An exact transcription of all the data is required, with every image removed.

START Data excerpt

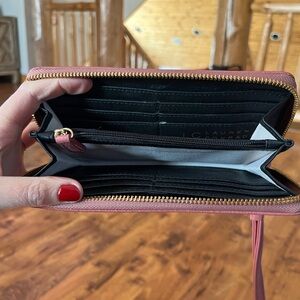Stylish pink leather phone wallet with a sleek design. Perfect for keeping your phone and essentials organized.
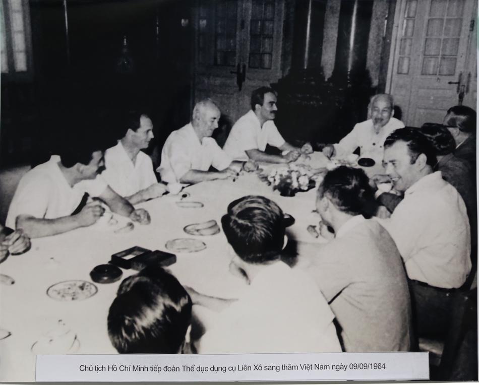 Bác Hồ tiếp đoàn thể dục dụng cụ Liên Xô sang thăm Việt Nam ngày 9/9/1964.
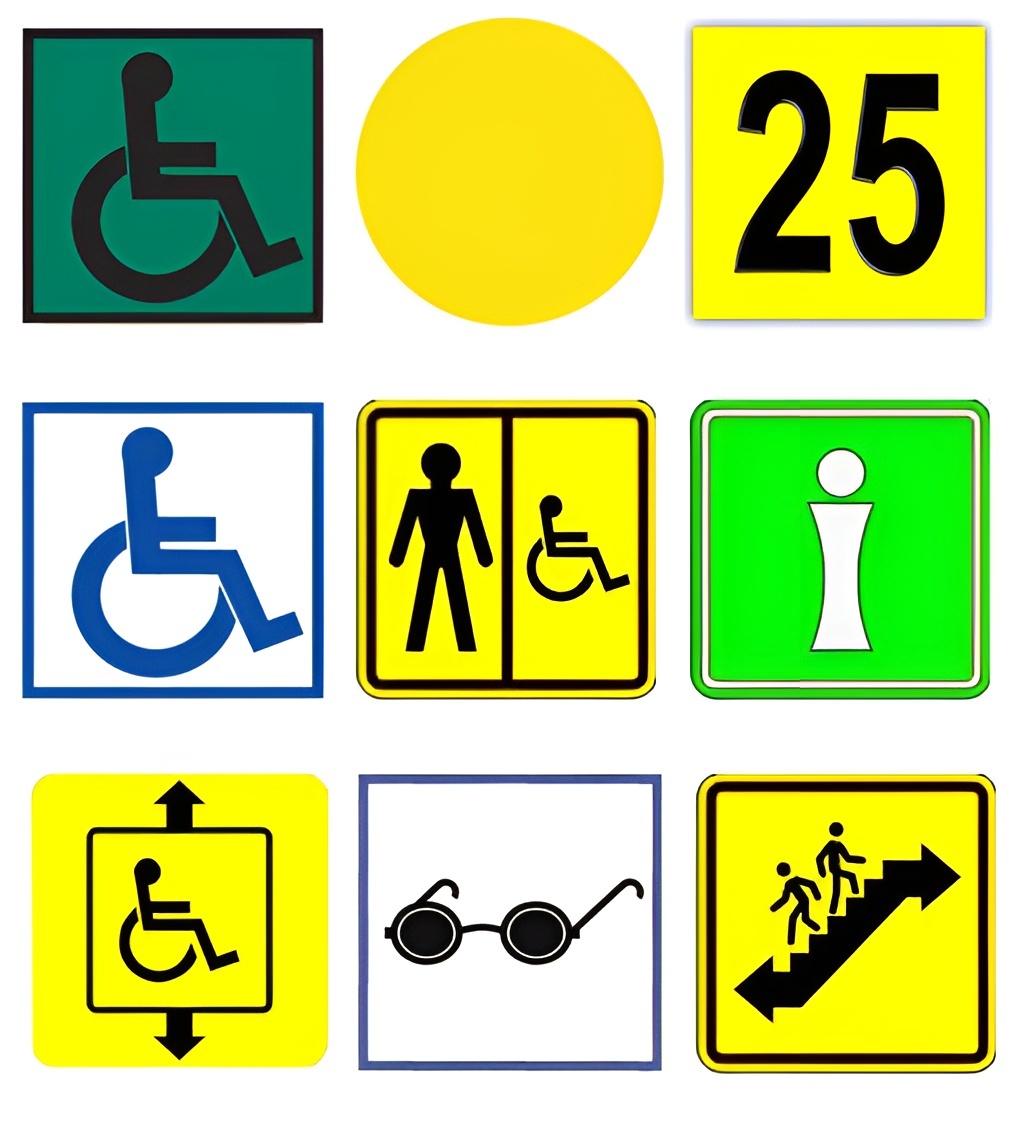 Плоские знаки, таблички и вывески используются в случае невозможности использовать тактильный знак (например, если знак не доступен для ощупывания), а также в случаях, когда информация не носит информативный характер для людей с нарушением зрения (любые прочие изделия).
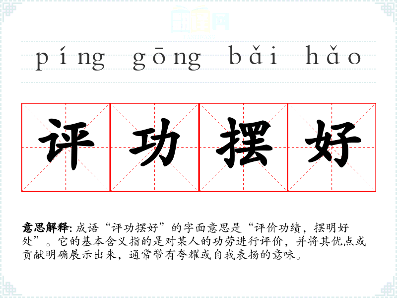 成语“评功摆好”的字面意思是“评价功绩,摆明好处”。它的基本含义指的是对某人的功劳进行评价,并将其优点或贡献明确展示出来,通常带有夸耀或自我表扬的意味。

END Data excerpt

Response —
Stylish pink leather phone wallet with a sleek design. Perfect for keeping your phone and essentials organized.
 Bác Hồ tiếp đoàn thể dục dụng cụ Liên Xô sang thăm Việt Nam ngày 9/9/1964.
 Плоские знаки, таблички и вывески используются в случае невозможности использовать тактильный знак (например, если знак не доступен для ощупывания), а также в случаях, когда информация не носит информативный характер для людей с нарушением зрения (любые прочие изделия).
 成语“评功摆好”的字面意思是“评价功绩,摆明好处”。它的基本含义指的是对某人的功劳进行评价,并将其优点或贡献明确展示出来,通常带有夸耀或自我表扬的意味。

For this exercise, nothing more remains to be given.